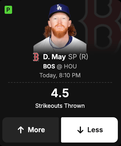 Dustin May less than 4.5 strikeouts thrown
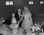 Description :RICHARD ET HELENE PLANTE POSES EN HABITS DE NOCES ALORS QU'ILS COUPENT LEUR GATEAU DE MARIAGE.
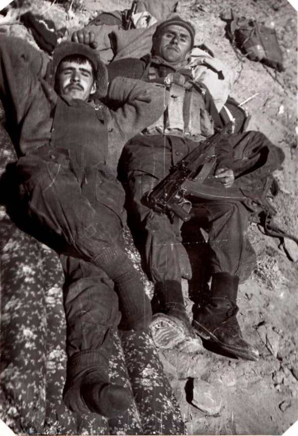 Сафар и старшина 2 роты Емельяныч принимают солнечные ванны на дневке — Вторые Броды 13.02.1987
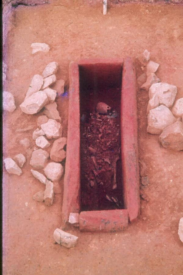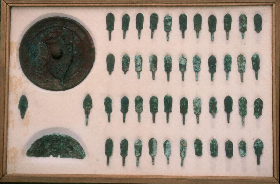 出土品としては、東棺内で人骨と神人竜虎画像鏡、管玉2、棺外からは鉄剣1、刀子2、鉄鎌1などがあり、西棺の棺内には内行花文鏡片1、棺外には銅鏃47、鍬先1、鎌1、斧2、鉋2、その他鉄製品若干、土師器壺2がみられる。内行花文鏡は破砕後磨研され、2孔がうがたれている。両棺の間に鉄剣の破片がある。
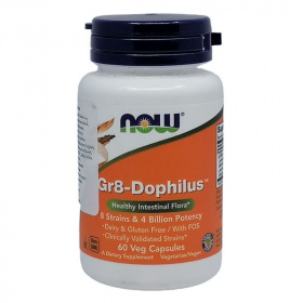 A jótékony hatású probiotikumok rendszeres szedése segíthet a normál, egészséges bélflóra fenntartásában. Különösen ajánlott antibiotikumos terápia alatt és után, mivel felboríthatják vagy elpusztíthatják a természetes bélflórát. Elősegíti a pozitív probiotikus egyensúlyt és támogatja az egészséges immunrendszert. A Gr8-Dophilus kombinációja a 8 különböző faj jótékony baktériumok célja, hogy támogassa gyomor egészség és a test egészséges immunrendszer működését. Javasolt használat: napi 1 db kapszula étkezések között, vagy éhgyomorra. Egyéb összetevők: Cellulóz (kapszula), FOS (Fructooligosaccharides), aszkorbinsav, magnézium-sztearát (növényi forrás), Rice Maltodextrin és Enterális bevonat. Tartalmaz nyomokban szójafehérjét (peptidek). Nem tartalmaz: só, búza, tej, tojás, kagylót. Összetevők: Probiotikus törzsek keveréke: 8 törzs, 4,0 milliárd szervezettel, ezekből Lactobacillus acidophilus: 1200000000, Lactobacillus casei: 600000000, Lactobacillus rhamnosus: 600000000, Lactobacillus salivarius: 600000000, Streptococcus thermophilus: 400000000, Bifidobacterium bifidum: 200000000, Bifidobacterium longum: 200000000, Bifidobacterium lactis: 200000000. A felhasználási javaslatban megadott mennyiséget ne lépje túl! A termék nem helyettesíti a vegyes étrendet és az egészséges életmódot. A doboz gyermekek elől gondosan elzárva tartandó!?
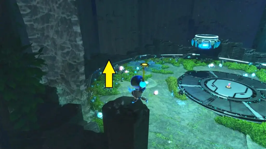 Exit the previous tilting platform area to return to the cave, then go up the waterfall. Defeat the large enemy and pull the wire underneath it to get a spinning flower.
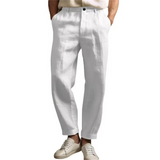 The lightweight linen and cotton blend delivers breathability and softness while the straight leg cut ensures ease of movement. A flexible waistband and classic pocket design combine practicality with refined simplicity for everyday wear.
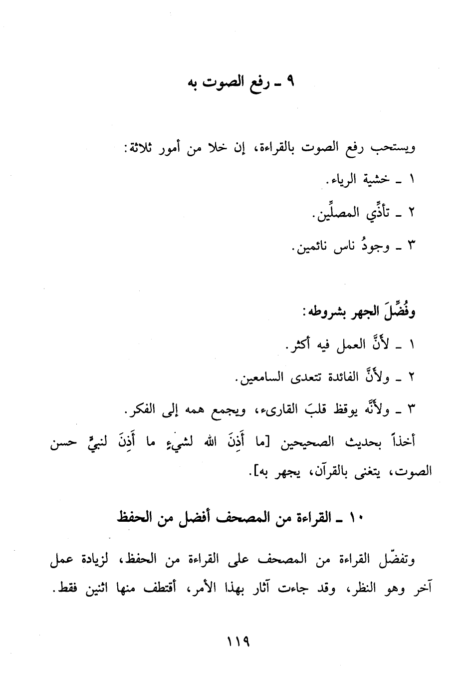 ويستحب رفع الصوت بالقراءة، إن خلا من أمور ثلاثة:
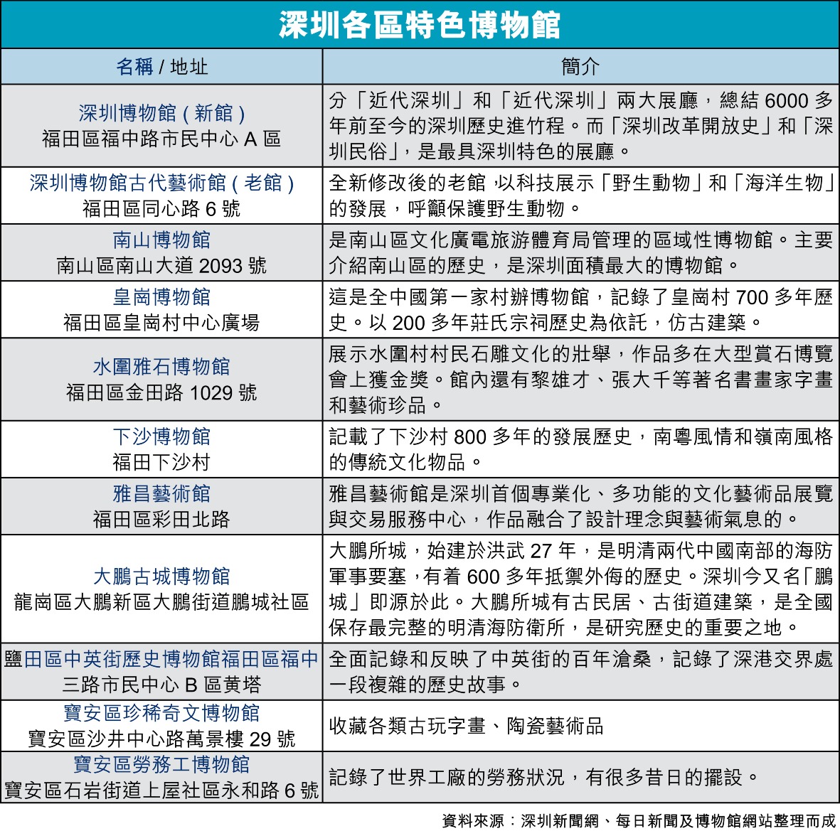 國家一級博物館「中國國家博物館深圳館(暫名國深博物館)」已落實在前海灣濱海區域動工,深圳博物館老館(古代藝術館)維修工作亦剛剛竣工,一新一舊館把經濟特區深圳光輝的成果統統紀錄下來。計地區性的「南山博物館」和「龍崗文博展覽館」落成後,深圳的博物館變得更多元化。除了歷史外,未來會有「物流博物館」、「數字通訊博物館」、「鋼琴博物館」等,在在記錄經濟特區深圳在中國經濟急促發展下的種種神話。
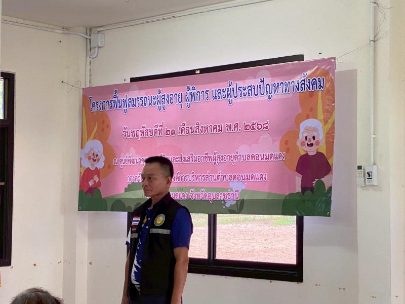 รายละเอียด : เมื่อวันที่ 21 สิงหาคม 2568 นายสมพงษ์ อบคำ นายกองค์การบริหารส่วนตำบลดอนมดแดง เป็นประธานเปิดโครงการฟื้นฟูสมรรถนะผู้สูงอายุ  ผู้พิการ และผู้ประสบปัญหาทางสังคม ณ ศูนย์พัฒนาคุณภาพชีวิตและส่งเสริมอาชีพผู้สูงอายุตำบลดอนมดแดง เพื่อให้กลุ่มเป้าหมาย มีความรู้ ความเข้าใจ ได้เสริมสร้างสมรรถนะทางร่างกาย จิตใจ และสร้างกำลังใจความภาคภูมิใจในคุณค่าของตนเอง
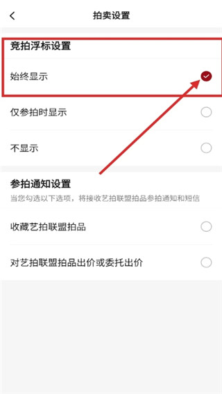 在“竞拍浮标设置”选项里,点击“始终显示”,设置完成。
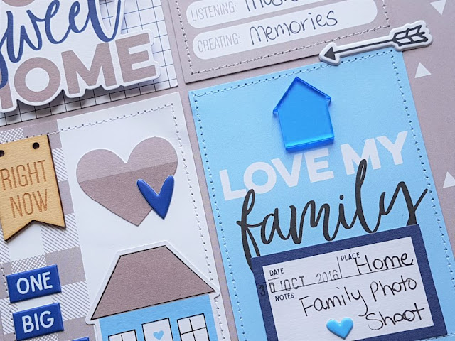 To begin this layout, I pulled out all the grey and blue elements including papers, ephemera, puffy stickers, acrylic shapes and journal cards. I arranged my photo and the journal cards into a design I was happy with.
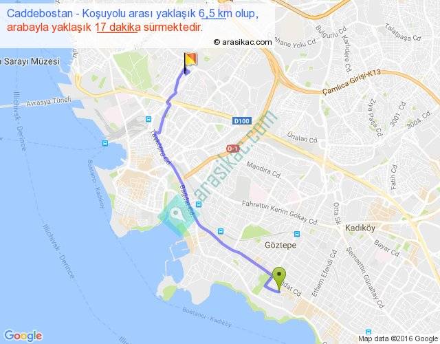 Caddebostan - Koşuyolu arası yaklaşık olarak 90 km/h ile yukarıda belirtilen sürede olup, iki yerin kuş uçuşu uzaklığı (mesafesi) 5'dir. Yolculuk otobüsle 22 dakika sürmektedir.
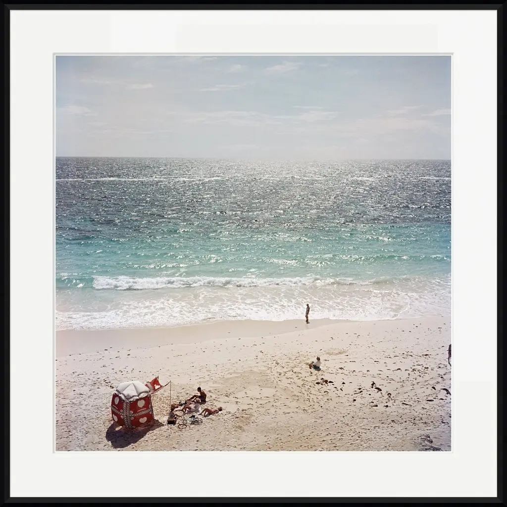 Slim Aarons described his photos as depicting “attractive people doing attractive things in attractive places.” Case in point: this 1957 image showing a family on the beach of Andros Island in the Bahamas. Printed on archival paper, the photo arrives matted, framed, and ready to hang.
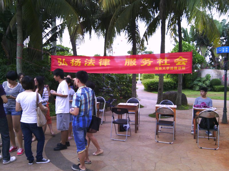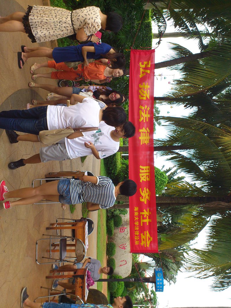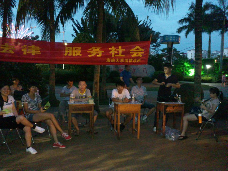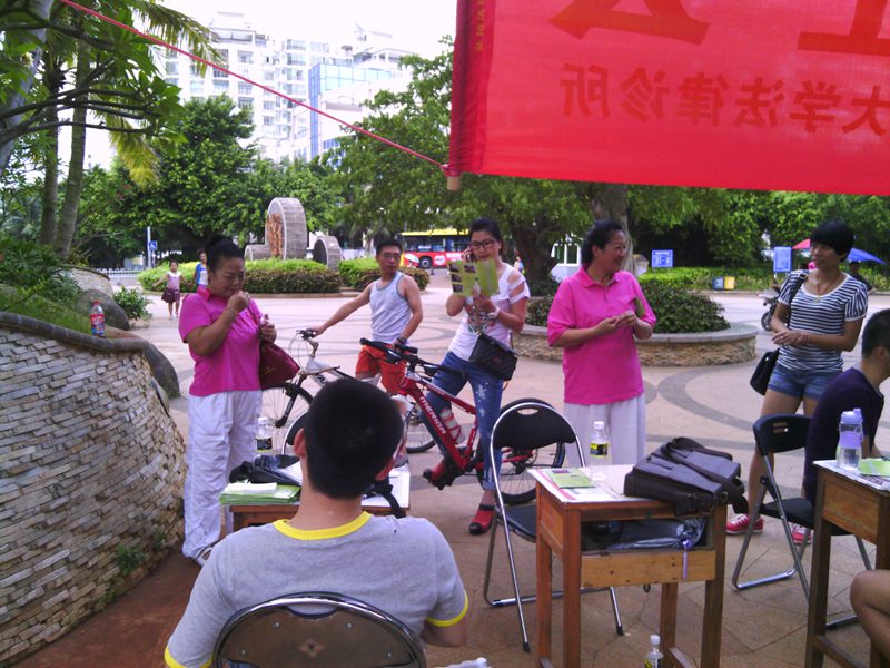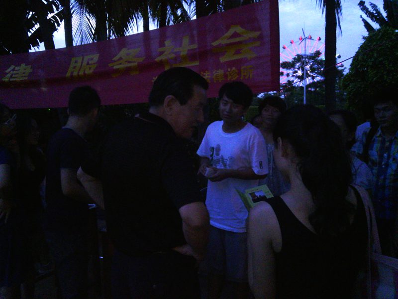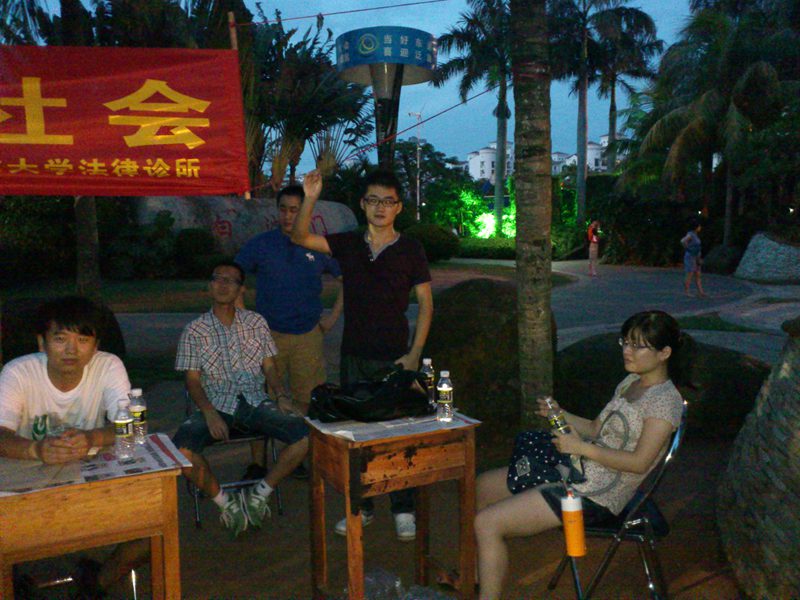 下午四时许,宣传活动正式开始。刚开始时,很多市民只是走走看看,我们诊所成员便主动上前给大家散发宣传资料及诊所名片,讲明我们的身份及其来意。到了傍晚下班高峰,现场便吸引来了不少路过的群众,对于前来咨询法律问题的群众,学员们都耐心的向对方讲解相关知识,并提出建议方案,在临走时还相互留下联系方式,以便进一步沟通。到了晚饭过后,随着出来散步、跳健身舞的群众越来越多,前来咨询的人数也大大增加,将活动现场氛围推向高峰。通过这次活动,学员们推广普及了法律知识,使群众感受到法律就在他们身边时刻保护着他们。在活动过程中同样也为学员创造了更多实践机会,学到在公司课堂上无法获得的社会知识,感受到了利用法律的知识为群众解决法律问题时的愉快,增长了实践能力,提高了学员们学习法律的热情。
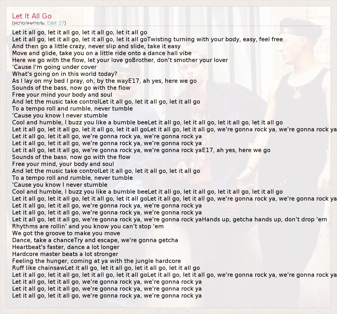 Let it all go, let it all go, let it all go, let it all go Let it all go, let it all go, let it all go, let it all goTwisting turning with your body, easy, feel free And then go a little crazy, never slip and slide, take it easy Move and glide, take you on a little ride onto a dance hall vibe Here we go with the flow, let your love goBrother, don't smother your lover 'Cause I'm going under cover What's going on in this world today? As I lay on my bed I pray, oh, by the wayE17, ah yes, here we go Sounds of the bass, now go with the flow Free your mind your body and soul And let the music take controlLet it all go, let it all go, let it all go To a tempo roll and rumble, never tumble 'Cause you know I never stumble Cool and humble, I buzz you like a bumble beeLet it all go, let it all go, let it all go, let it all go Let it all go, let it all go, let it all go, let it all goLet it all go, let it all go, we're gonna rock ya, we're gonna rock ya Let it all go, let it all go, we're gonna rock ya, we're gonna rock ya Let it all go, let it all go, we're gonna rock ya, we're gonna rock ya Let it all go, let it all go, we're gonna rock ya, we're gonna rock yaE17, ah yes, here we go Sounds of the bass, now go with the flow Free your mind, your body and soul And let the music take controlLet it all go, let it all go, let it all go To a tempo roll and rumble, never tumble 'Cause you know I never stumble Cool and humble, I buzz you like a bumble beeLet it all go, let it all go, let it all go, let it all go Let it all go, let it all go, let it all go, let it all goLet it all go, let it all go, we're gonna rock ya, we're gonna rock ya Let it all go, let it all go, we're gonna rock ya, we're gonna rock ya Let it all go, let it all go, we're gonna rock ya, we're gonna rock ya Let it all go, let it all go, we're gonna rock ya, we're gonna rock yaHands up, getcha hands up, don't drop 'em Rhythms are rollin' and you know you can't stop 'em We got the groove to make you move Dance, take a chanceTry and escape, we're gonna getcha Heartbeat's faster, dance a lot longer Hardcore master beats a lot stronger Feeling the hunger, coming at ya with the jungle hardcore Ruff like chainsawLet it all go, let it all go, let it all go, let it all go Let it all go, let it all go, let it all go, let it all goLet it all go, let it all go, we're gonna rock ya, we're gonna rock ya Let it all go, let it all go, we're gonna rock ya, we're gonna rock ya Let it all go, let it all go, we're gonna rock ya, we're gonna rock ya Let it all go, let it all go, we're gonna rock ya, we're gonna rock ya
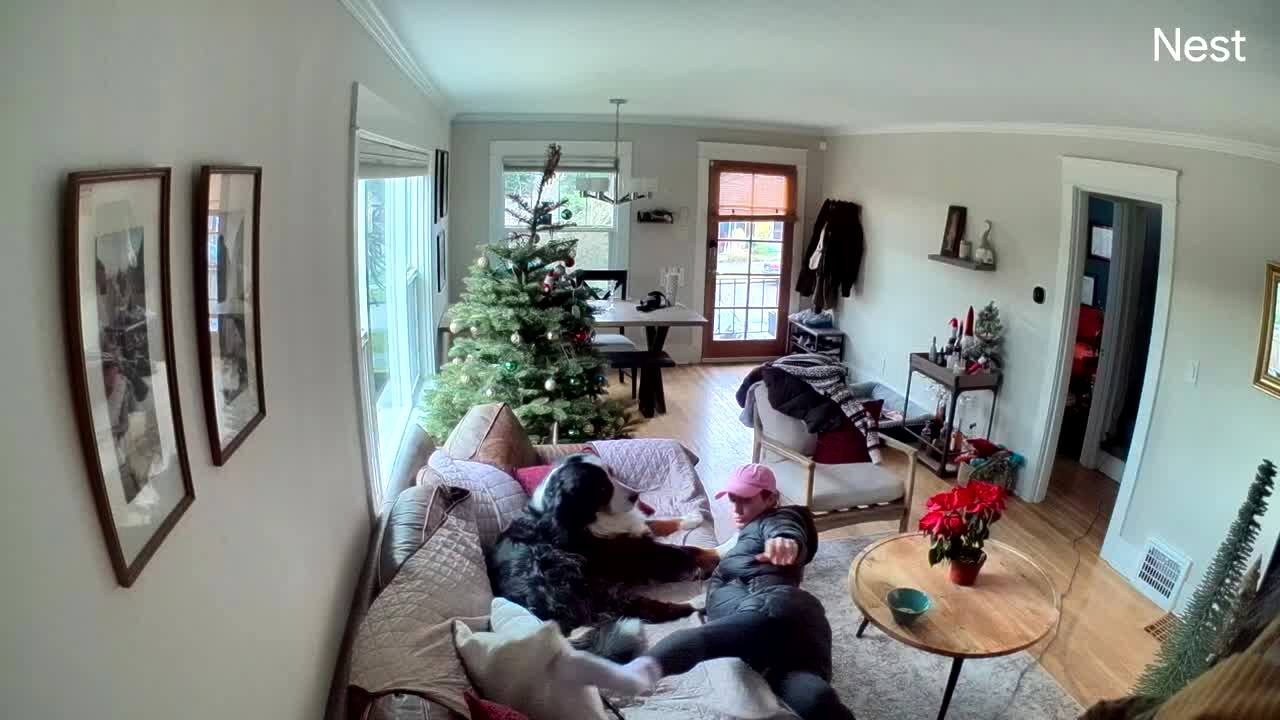 A woman tries to snuggle with her dog on a living room couch, when it paws and pushes her off and she falls to the floor. Security footage.
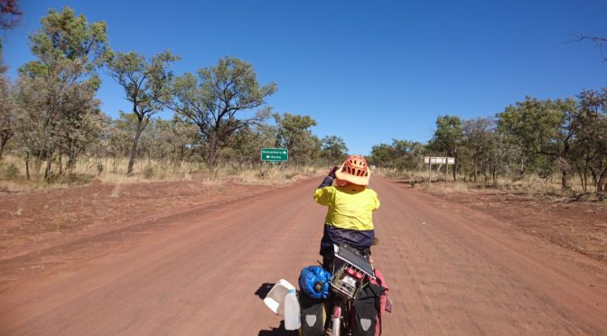 A few kilometres on from the turnoff Bruce flagged down Jerry, a young bloke in a Toyota troopy who agreed that both of us could use a lift to Mount Barnett. We had to take the right-hand pedals off our bikes to fit in between Jerry’s bed and the cupboard but we got them in. Then Bruce and I got to sit very close together and get to know each other better for the 100 km to Mount Barnett. God bless Jerry.
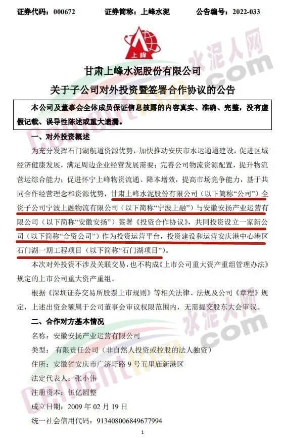 日前,上峰水泥發(fā)布公告,為充分發(fā)揮石門湖航道資源優(yōu)勢(shì),加快推動(dòng)安慶市水運(yùn)通道建設(shè),促進(jìn)區(qū)域經(jīng)濟(jì)健康發(fā)展,滿足周邊企業(yè)經(jīng)營(yíng)發(fā)展需要;完善公司物流資源配置,提升物流營(yíng)運(yùn)綜合能力;促進(jìn)懷寧上峰物資流通、降本增效,提高市場(chǎng)競(jìng)爭(zhēng)能力,基于共同合作經(jīng)營(yíng)理念和資源優(yōu)勢(shì),公司全資子公司寧波上融物流有限公司與安徽安揚(yáng)產(chǎn)業(yè)運(yùn)營(yíng)有限公司簽署《投資合作協(xié)議》,共同投資設(shè)立一家新公司作為投資運(yùn)營(yíng)平臺(tái),投資建設(shè)和運(yùn)營(yíng)安慶港中心港區(qū)石門湖一期工程項(xiàng)目。

= = =

* What is expected *
Look back over the records above. Reproduce exactly everything from the line with "Сафар и старшина" down to the line with "出土品としては、東棺内で人骨", inclusive, and leave the pictures out.

* Task result *
 Сафар и старшина 2 роты Емельяныч принимают солнечные ванны на дневке — Вторые Броды 13.02.1987
 出土品としては、東棺内で人骨と神人竜虎画像鏡、管玉2、棺外からは鉄剣1、刀子2、鉄鎌1などがあり、西棺の棺内には内行花文鏡片1、棺外には銅鏃47、鍬先1、鎌1、斧2、鉋2、その他鉄製品若干、土師器壺2がみられる。内行花文鏡は破砕後磨研され、2孔がうがたれている。両棺の間に鉄剣の破片がある。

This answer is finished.